Information shown ▸

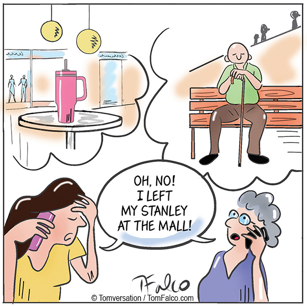 Malls are making a comeback thanks to Gen Z and I featured one in a Tomversation cartoon from this week. Stanley tumblers and an old man named Stanley are featured, too! For those who listen to this post, (I found out recently people listen rather than read this), there is a cartoon above and one below. You might want to see them since this story is about them.
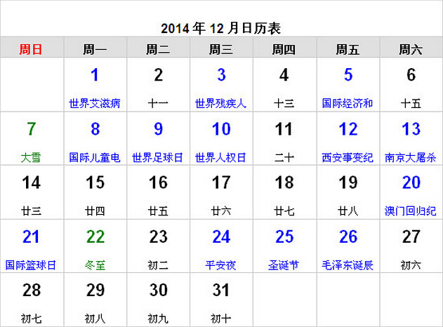 >> 2014年12月都有哪些节日纪念日日历表全览
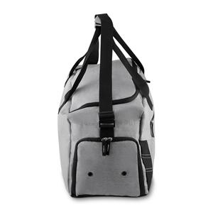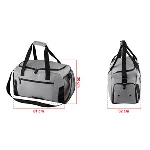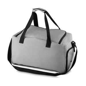 Descrição: Bolsa esportiva de poliéster. Possui bolso frontal, bolso lateral de malha, bolso lateral com zíper para calçados e bolso grande superior. Alça de mão com pegador cinza de velcro e alça ajustável para as costas.Medidas aproximadas para gra

Exercise goal ▸ Once more, please print all the lines above exactly, without their pictures.

Solution to this task ▸
 Malls are making a comeback thanks to Gen Z and I featured one in a Tomversation cartoon from this week. Stanley tumblers and an old man named Stanley are featured, too! For those who listen to this post, (I found out recently people listen rather than read this), there is a cartoon above and one below. You might want to see them since this story is about them.
 >> 2014年12月都有哪些节日纪念日日历表全览
 Descrição: Bolsa esportiva de poliéster. Possui bolso frontal, bolso lateral de malha, bolso lateral com zíper para calçados e bolso grande superior. Alça de mão com pegador cinza de velcro e alça ajustável para as costas.Medidas aproximadas para gra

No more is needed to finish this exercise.